Records for this exercise: Begin

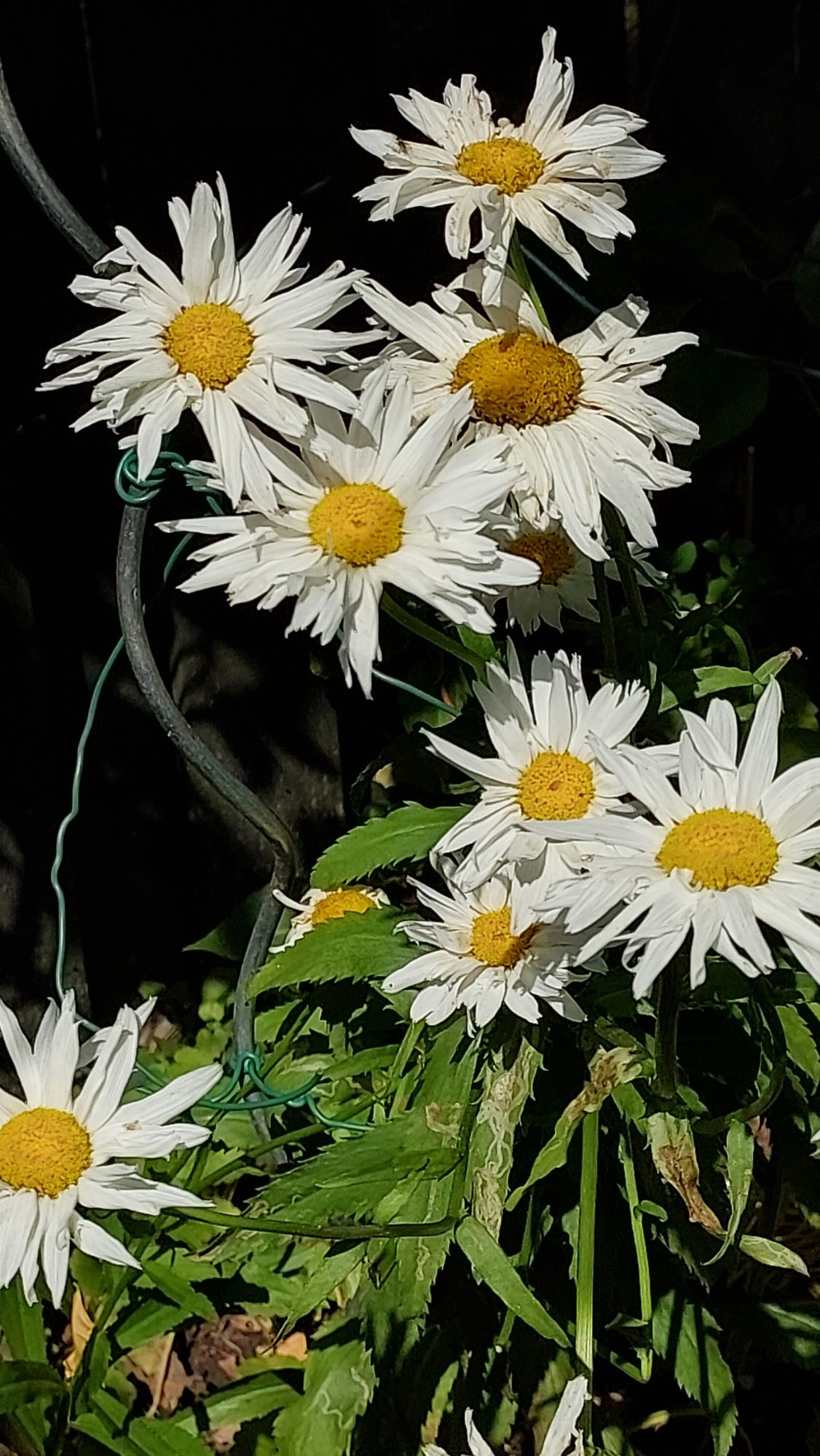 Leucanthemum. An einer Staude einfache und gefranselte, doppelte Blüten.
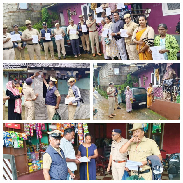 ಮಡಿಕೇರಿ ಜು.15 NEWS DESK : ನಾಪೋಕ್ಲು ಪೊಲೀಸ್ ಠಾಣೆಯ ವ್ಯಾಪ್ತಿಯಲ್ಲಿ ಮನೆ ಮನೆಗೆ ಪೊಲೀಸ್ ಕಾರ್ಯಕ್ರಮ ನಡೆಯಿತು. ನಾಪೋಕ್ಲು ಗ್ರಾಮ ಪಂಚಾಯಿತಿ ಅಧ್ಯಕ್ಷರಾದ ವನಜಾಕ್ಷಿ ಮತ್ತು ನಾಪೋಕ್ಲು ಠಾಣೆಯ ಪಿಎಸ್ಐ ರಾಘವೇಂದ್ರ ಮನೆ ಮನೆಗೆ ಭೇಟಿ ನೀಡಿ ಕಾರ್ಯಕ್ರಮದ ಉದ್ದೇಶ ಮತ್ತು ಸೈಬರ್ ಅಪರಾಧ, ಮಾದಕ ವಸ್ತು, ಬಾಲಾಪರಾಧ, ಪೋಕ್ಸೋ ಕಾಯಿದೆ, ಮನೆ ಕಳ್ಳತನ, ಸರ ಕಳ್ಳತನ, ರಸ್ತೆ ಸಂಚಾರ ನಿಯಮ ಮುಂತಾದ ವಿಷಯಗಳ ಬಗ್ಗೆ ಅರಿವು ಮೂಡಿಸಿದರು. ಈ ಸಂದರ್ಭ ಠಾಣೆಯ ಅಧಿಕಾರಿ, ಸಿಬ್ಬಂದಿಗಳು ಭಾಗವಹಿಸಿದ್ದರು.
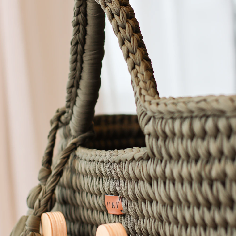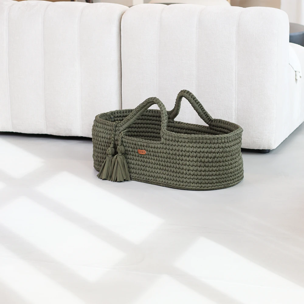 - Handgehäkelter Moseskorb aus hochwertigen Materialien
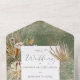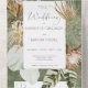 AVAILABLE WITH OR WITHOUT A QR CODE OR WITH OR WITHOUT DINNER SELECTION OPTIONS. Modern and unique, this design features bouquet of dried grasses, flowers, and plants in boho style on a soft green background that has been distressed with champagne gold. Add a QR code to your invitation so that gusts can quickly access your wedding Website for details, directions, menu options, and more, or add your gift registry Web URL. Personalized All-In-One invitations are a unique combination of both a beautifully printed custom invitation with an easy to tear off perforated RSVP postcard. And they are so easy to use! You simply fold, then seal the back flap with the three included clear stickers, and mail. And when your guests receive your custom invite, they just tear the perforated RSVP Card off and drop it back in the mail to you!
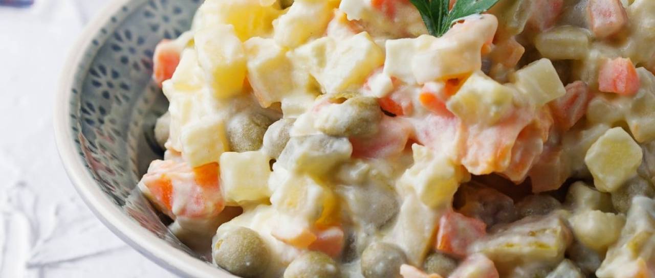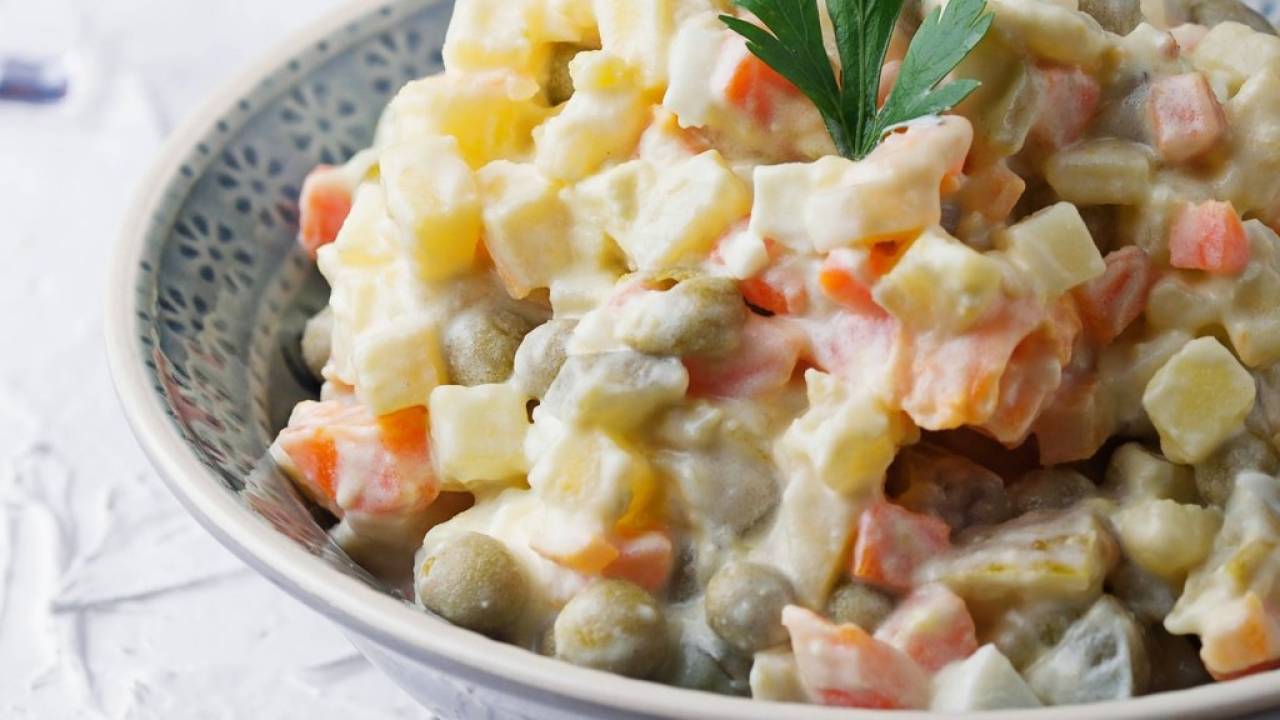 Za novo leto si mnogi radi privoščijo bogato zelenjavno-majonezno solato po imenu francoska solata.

Records for this exercise: End

Exercise:
Nothing in the entries above should change when they are printed again, except that the pictures are dropped.

Written answer:
 Leucanthemum. An einer Staude einfache und gefranselte, doppelte Blüten.
 ಮಡಿಕೇರಿ ಜು.15 NEWS DESK : ನಾಪೋಕ್ಲು ಪೊಲೀಸ್ ಠಾಣೆಯ ವ್ಯಾಪ್ತಿಯಲ್ಲಿ ಮನೆ ಮನೆಗೆ ಪೊಲೀಸ್ ಕಾರ್ಯಕ್ರಮ ನಡೆಯಿತು. ನಾಪೋಕ್ಲು ಗ್ರಾಮ ಪಂಚಾಯಿತಿ ಅಧ್ಯಕ್ಷರಾದ ವನಜಾಕ್ಷಿ ಮತ್ತು ನಾಪೋಕ್ಲು ಠಾಣೆಯ ಪಿಎಸ್ಐ ರಾಘವೇಂದ್ರ ಮನೆ ಮನೆಗೆ ಭೇಟಿ ನೀಡಿ ಕಾರ್ಯಕ್ರಮದ ಉದ್ದೇಶ ಮತ್ತು ಸೈಬರ್ ಅಪರಾಧ, ಮಾದಕ ವಸ್ತು, ಬಾಲಾಪರಾಧ, ಪೋಕ್ಸೋ ಕಾಯಿದೆ, ಮನೆ ಕಳ್ಳತನ, ಸರ ಕಳ್ಳತನ, ರಸ್ತೆ ಸಂಚಾರ ನಿಯಮ ಮುಂತಾದ ವಿಷಯಗಳ ಬಗ್ಗೆ ಅರಿವು ಮೂಡಿಸಿದರು. ಈ ಸಂದರ್ಭ ಠಾಣೆಯ ಅಧಿಕಾರಿ, ಸಿಬ್ಬಂದಿಗಳು ಭಾಗವಹಿಸಿದ್ದರು.
 - Handgehäkelter Moseskorb aus hochwertigen Materialien
 AVAILABLE WITH OR WITHOUT A QR CODE OR WITH OR WITHOUT DINNER SELECTION OPTIONS. Modern and unique, this design features bouquet of dried grasses, flowers, and plants in boho style on a soft green background that has been distressed with champagne gold. Add a QR code to your invitation so that gusts can quickly access your wedding Website for details, directions, menu options, and more, or add your gift registry Web URL. Personalized All-In-One invitations are a unique combination of both a beautifully printed custom invitation with an easy to tear off perforated RSVP postcard. And they are so easy to use! You simply fold, then seal the back flap with the three included clear stickers, and mail. And when your guests receive your custom invite, they just tear the perforated RSVP Card off and drop it back in the mail to you!
 Za novo leto si mnogi radi privoščijo bogato zelenjavno-majonezno solato po imenu francoska solata.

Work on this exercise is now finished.